一、环境配置
由于集群至少需要三台服务器,我就拿上次做的MongoDB Master, Slave, Arbiter环境来做Hadoop集群。服务器还是ibmcloud 免费提供的。其中Arbiter在这里做的也是slave的角色。
Hostname | IP | Server Type |
Master | 192.168.0.28 | Centos6.2 |
Slave | 192.168.0.29 | Ubuntu14.04 |
Arbiter | 192.168.0.30 | Ubuntu14.04 |
配置三台机器的Master hosts文件如下:
$ cat /etc/hosts 127.0.0.1 localhost Database-Master localhost.localdomain localhost4 localhost4.localdomain4 ::1 localhost localhost.localdomain localhost6 localhost6.localdomain6 192.168.0.28 Database-Master master 192.168.0.29 Database-Slave slave 192.168.0.30 Database-Arbiter arbiter
Master机器有安装ansible,其他所需要的软件包地址:
http://apache.fayea.com/hadoop/common/hadoop-2.6.4/hadoop-2.6.4.tar.gz
http://mirrors.hust.edu.cn/apache/zookeeper/zookeeper-3.4.8/zookeeper-3.4.8.tar.gz
http://apache.opencas.org/hbase/1.2.0/hbase-1.2.0-bin.tar.gz
http://download.oracle.com/otn-pub/java/jdk/8u73-b02/jdk-8u73-linux-x64.tar.gz
java我解压缩到/usr/java/目录下,然后编辑环境变量.zshrc
export JAVA_HOME=/usr/java/jdk1.8.0_73 export PATH=$JAVA_HOME/bin:$PATH export CLASSPATH=.:$JAVA_HOME/lib/dt.jar:$JAVA_HOME/lib/tool.jar
然后重新加载,使变量生效, source .zshrc.
然后需要集群见无密码登录,此前做MongoDB实验的时候已经设置过,再次不在赘述。
二、Hadoop的安装和配置
1. 首先将刚才下载的hadoop-2.6.4.tar.gz文件解压到/home/ibmcloud/hadoop,然后编辑etc/hadoop/core-site.xml
<configuration> <property> <name>fs.default.name</name> <value>hdfs://master:9000</value> </property> </configuration>
2. 添加JAVA_HOME变量到hadoop-env.sh
export JAVA_HOME=/usr/java/jdk1.8.0_73
3. hdfs-site.xml
<configuration> <property> <name>dfs.name.dir</name> <value>/home/ibmcloud/hadoop/name</value> </property> <property> <name>dfs.data.dir</name> <value>/home/ibmcloud/hadoop/data</value> </property> <property> <name>dfs.replication</name> <value>3</value> </property> </configuration>
4. 将mapred-site.xml.template 改名mapred-site.xml
<configuration> <property> <name>mapred.job.tracker</name> <value>master:9001</value> </property> </configuration>
5. add master and slave
echo "master" >~/hadoop/etc/hadoop/master echo -e "slave\narbiter" >~/hadoop/etc/hadoop/slaves
6. copy hadoop folder to slave and arbiter
ansible all -m copy -a "src=hadoop dest=~ '
7. 启动hadoop集群
第一次执行,需要格式化namenode,以后启动不需要执行此步骤。
hadoop/bin/hadoop -format
然后启动hadoop
hadoop/sbin/start-all.sh
启动完成后,如果没有什么错误,执行jps查询一下当前进程,NameNode是Hadoop Master进程,SecondaryNameNode,ResourceManager是Hadoop进程。
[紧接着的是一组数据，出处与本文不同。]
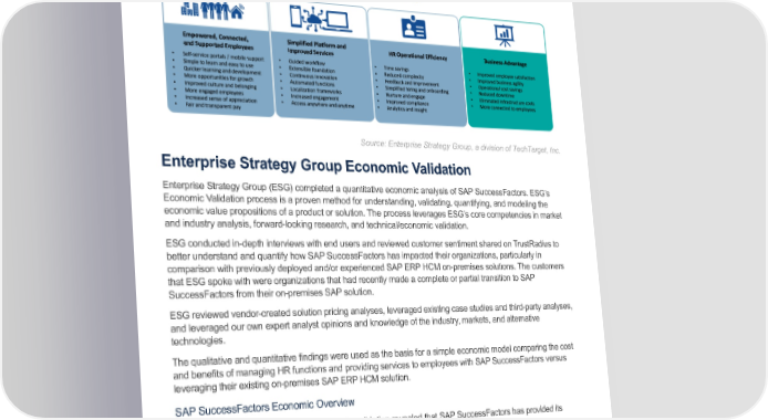 Economic Validation: Analyzing the Economic Benefits of Moving from SAP ERP HCM to SAP SuccessFactors Solutions Figure 2. SAP SuccessFactors Solutions Source: Enterprise Strategy Group, a division of TechTarget, Inc. Enterprise Strategy Group Economic Validation Enterprise Strategy Group (ESG) completed a quantitative economic analysis of SAP SuccessFactors. ESG’s Economic Validation process is a proven method for understanding, validating, quantifying, and modeling the economic value propositions of a product or solution. The process leverages ESG’s core competencies in market and industry analysis, forward-looking research, and technical/economic validation. ESG conducted in-depth interviews with end users and reviewed customer sentiment shared on TrustRadius to better understand and quantify how SAP SuccessFactors has impacted their organizations, particularly in comparison with previously deployed and/or experienced SAP ERP HCM on-premises solutions. The customers that ESG spoke with were organizations that had recently made a complete or partial transition to SAP SuccessFactors from their on-premises SAP solution. ESG reviewed vendor-created solution pricing analyses, leveraged existing case studies and third-party analyses, and leveraged our own expert analyst opinions and knowledge of the industry, markets, and alternative technologies. The qualitative and quantitative findings were used as the basis for a simple economic model comparing the cost and benefits of managing HR functions and providing services to employees with SAP SuccessFactors versus leveraging their existing on-premises SAP ERP HCM solution. SAP SuccessFactors Economic Overview Enterprise Strategy Group’s (ESG) economic validation revealed that SAP SuccessFactors has provided its customers with significant savings and benefits in the following categories: • Improved Experience for all Employees – SAP SuccessFactors improved the end-user experience for all employees of the organization, including end users, HR professionals, IT teams, and business decision- makers. • More Efficient HR and IT Operations – SAP SuccessFactors provided a single, unified platform that reduced complexity and provided automation, allowing HR resources to manage the entire platform with less effort and freeing resources to achieve more. 5

$ jps 23076 NameNode 20788 ResourceManager 23302 SecondaryNameNode 27559 Jps
三、ZooKeeper集群安装
1. 解压缩zookeeper-3.4.8.tar.gz并重命名zookeeper, 进入zookeeper/conf目录,cp zoo_sample.cfg zoo.cfg 并编辑
$ egrep -v '^$|^#' zoo.cfg tickTime=2000 initLimit=10 syncLimit=5 dataDir=/home/ibmcloud/zookeeper/data clientPort=2181 server.1=192.168.0.28:2888:3888 server.2=192.168.0.29:2888:3888 server.3=192.168.0.30:2888:3888
2. 新建并编辑myid文件
mkdir /home/zookeeper/dataecho "1" > /home/zookeeper/data/myid
3. 然后同步zookeeper到其他两个节点,然后在其他节点需要修改myid为相应的数字。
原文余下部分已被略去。